# Chamois vs. Flannel



## ButchHusy (Dec 2, 2005)

Can someone please explain the difference in material between a chamois shirt and a flannel shirt? Thanks.


----------



## cglex (Oct 23, 2006)

Chamois shirts sell for more, are usually solid in color and are sometimes thicker than shirts labeled as flannel. I suspect at the end of the packing line somewhere in asia, boxes labeled flannel go to low end stores that sell to construction workers and boxes labeled chamois, go to high end stores. Same shirt in many cases.


----------



## rojo (Apr 29, 2004)

I have the Holiday 2007 L.L. Bean catalogue right here. Let's see what it says.

"Bean's Chamois Cloth Shirt" is on pp. 12-13. It is "Made with Premium Portuguese Flannel" with a "remarkable resemblance to high-grade chamois leather." It's a 7.5 oz fabric. On the next page is the "Scotch Plaid Flannel Shirt," which is made from "high-quality Portuguese cotton." Weight of the fabric is not given, although it looks lighter than the chamois shirt.
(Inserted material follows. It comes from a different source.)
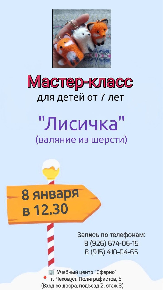 ✨ 🦊✨МАСТЕР-КЛАСС «ВАЛЯНИЕ ЛИСИЧКИ ИЗ ШЕРСТИ»✨🦊 🤗Приглашаем на увлекательное творческое занятие! Что будем делать? 🧶Создадим лисичку из шерсти своими руками 🎨Научимся валянию, смешиваем цвета и придаём шерсти форму 😊Разовьем творчество, аккуратность и мелкую моторику 😍Готовая лисичка станет красивым подарком или украшением дома 🚫 Возраст: 7+ 📆 08.01.2026 🕛 12:30 🏢 Учебный центр "Сферио" 📍 г. Чехов,ул. Полиграфистов, 6 (Вход со двора, подъезд 2, этаж 3) 🔗 Записаться: https://t.me/UZentrSferio2024 Наши соцсети 📲⬇️ ➡️ ВК https://vk.com/sferio_kids ➡️ ТГ https://dzen.ru/id/672e115c65592e5989376c34 ➡️ Продленка https://vk.com/prodlenkachehov ➡️ Школа https://vk.com/sferio_school 🎁Забрать подарок:🎁 https://t.me/bot_sferio_bot 💥 Подпишись и получи подарок 💥 Наша What'sApp группа

_Ergo_ chamois cloth is a particularly heavy variety of cotton flannel.


----------



## jackmccullough (May 10, 2006)

I've had lightweight and heavyweight chamois cloth shirts. I think the defining characteristic of chamois cloth is some process that makes the texture similar to the texture of real chamois.


----------



## Naval Gent (May 12, 2007)

Chamois from LL Bean and Woolrich (which I have experience with) are more substantial that what I usually think of flannel shirts. Kind of like the difference in a Brooks Brothers OCBD and something from the Dollar Store. Chamois are usually solids, and the ones I mentioned are very well made. I'm wearing a LL Bean Chamois as I type this.

Hang up to dry. They will shrink

Scott


----------



## katon (Dec 25, 2006)

In theory, chamois is a type of suede and flannel is a napped wool, but in practice (barring legal restrictions) shirts labeled "chamois" or "flannel" are both imitations made out of cotton.


----------